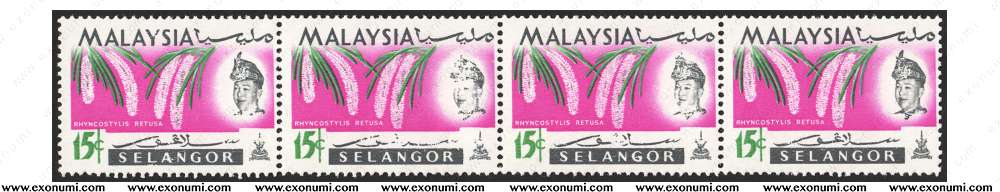 Malaysia - Selangor (1965) Orchids 15¢ - ERROR - Sultan's Head Partially Omitted (Strip of 4)
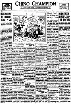 - ^ "Congratulatory Message Sent by Former Editor," Chino Champion, November 11, 1927, page 6
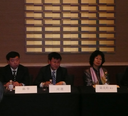 (From left to right) Chen Hua, executive director for advertising and sales for CCTV.com, Wen Ti, vice general manager of CCTV.com and Dr. Priscilla M. Lu, chairman and chief executive officer of ViDeOnline, speak at the joint press conference on March 28. ViDeOnline was granted exclusive adverting rights by CCTV.com for the Olympics. [chinadaily.com.cn]
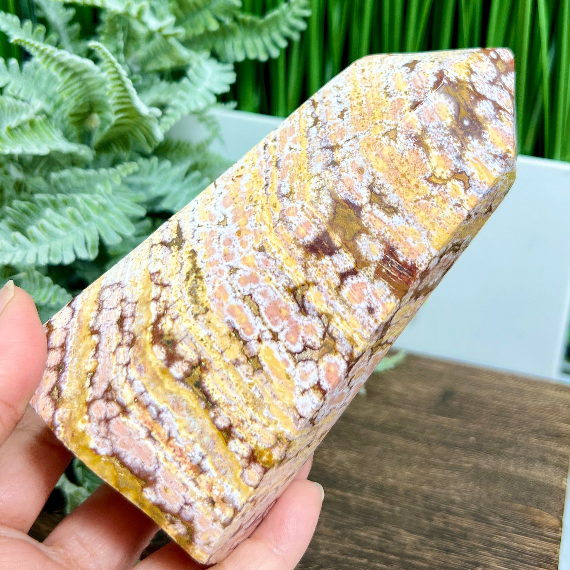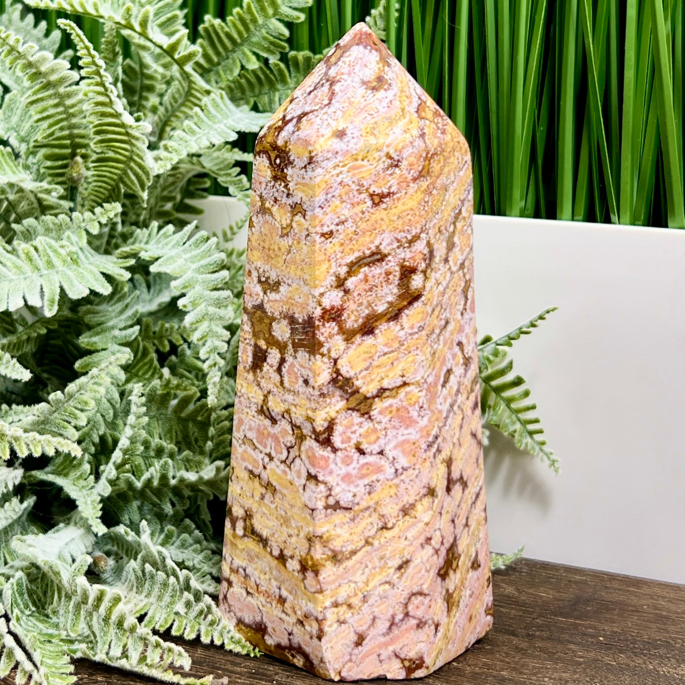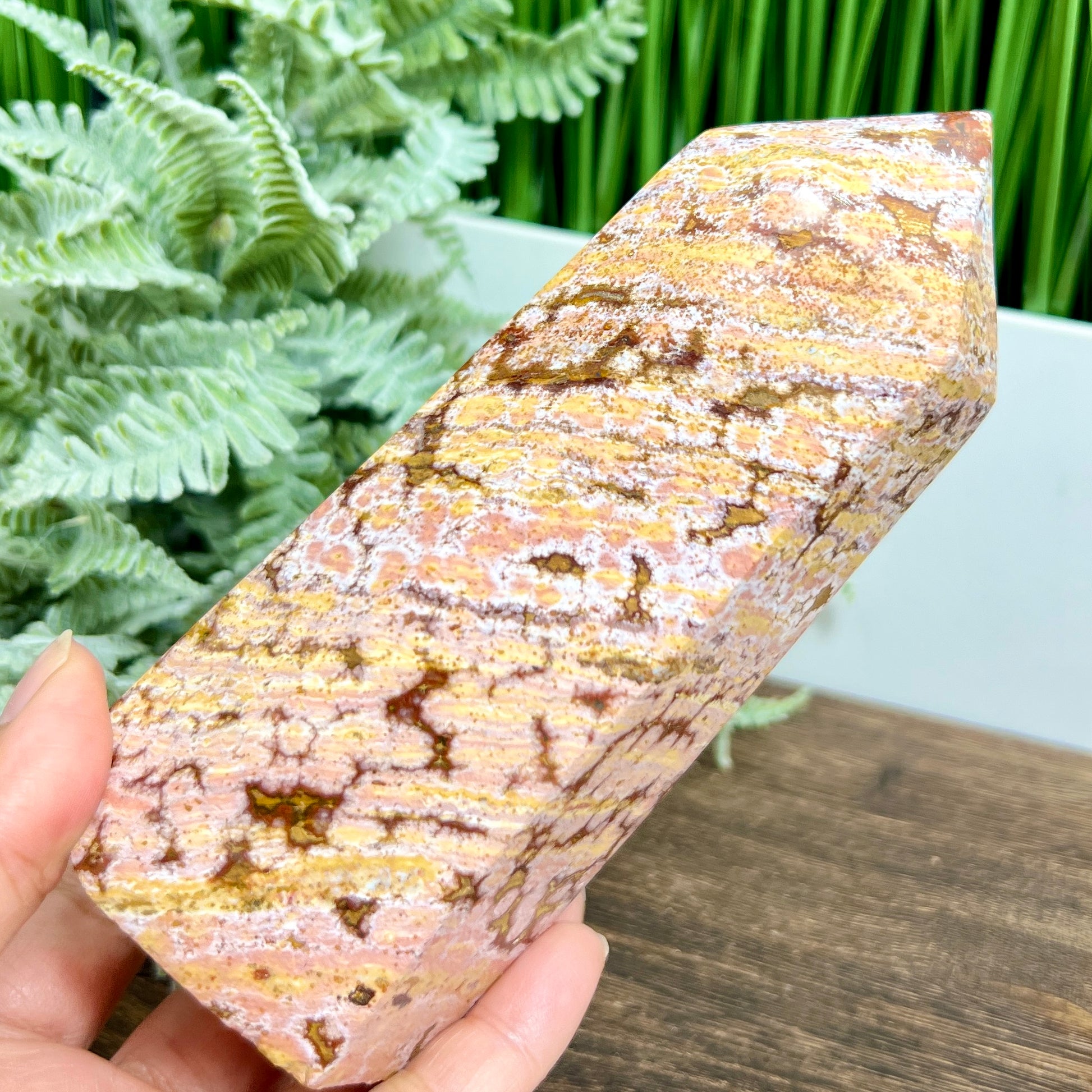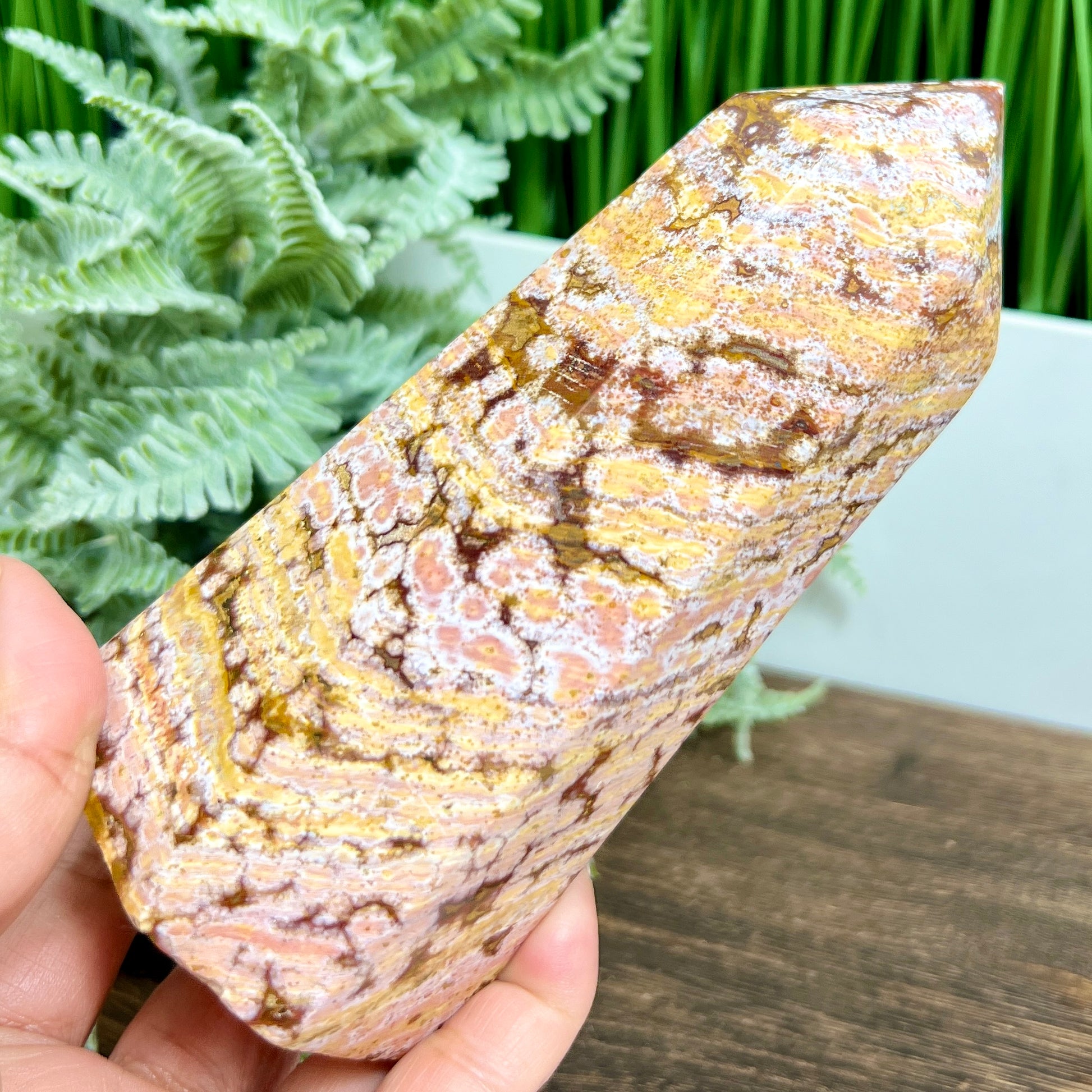 Ocean Sea Pink Orbicular Jasper Tower Healing Crystal Generator 864g 151mm

☆ ☆ ☆ ☆ ☆ ☆ ☆

- _Brief_: Would you transcribe, exactly and only, the lines from the one that contains "1927, page 6" through the last line of the data above, without any pictures?

- _Solution to this task_:
 - ^ "Congratulatory Message Sent by Former Editor," Chino Champion, November 11, 1927, page 6
 (From left to right) Chen Hua, executive director for advertising and sales for CCTV.com, Wen Ti, vice general manager of CCTV.com and Dr. Priscilla M. Lu, chairman and chief executive officer of ViDeOnline, speak at the joint press conference on March 28. ViDeOnline was granted exclusive adverting rights by CCTV.com for the Olympics. [chinadaily.com.cn]
 Ocean Sea Pink Orbicular Jasper Tower Healing Crystal Generator 864g 151mm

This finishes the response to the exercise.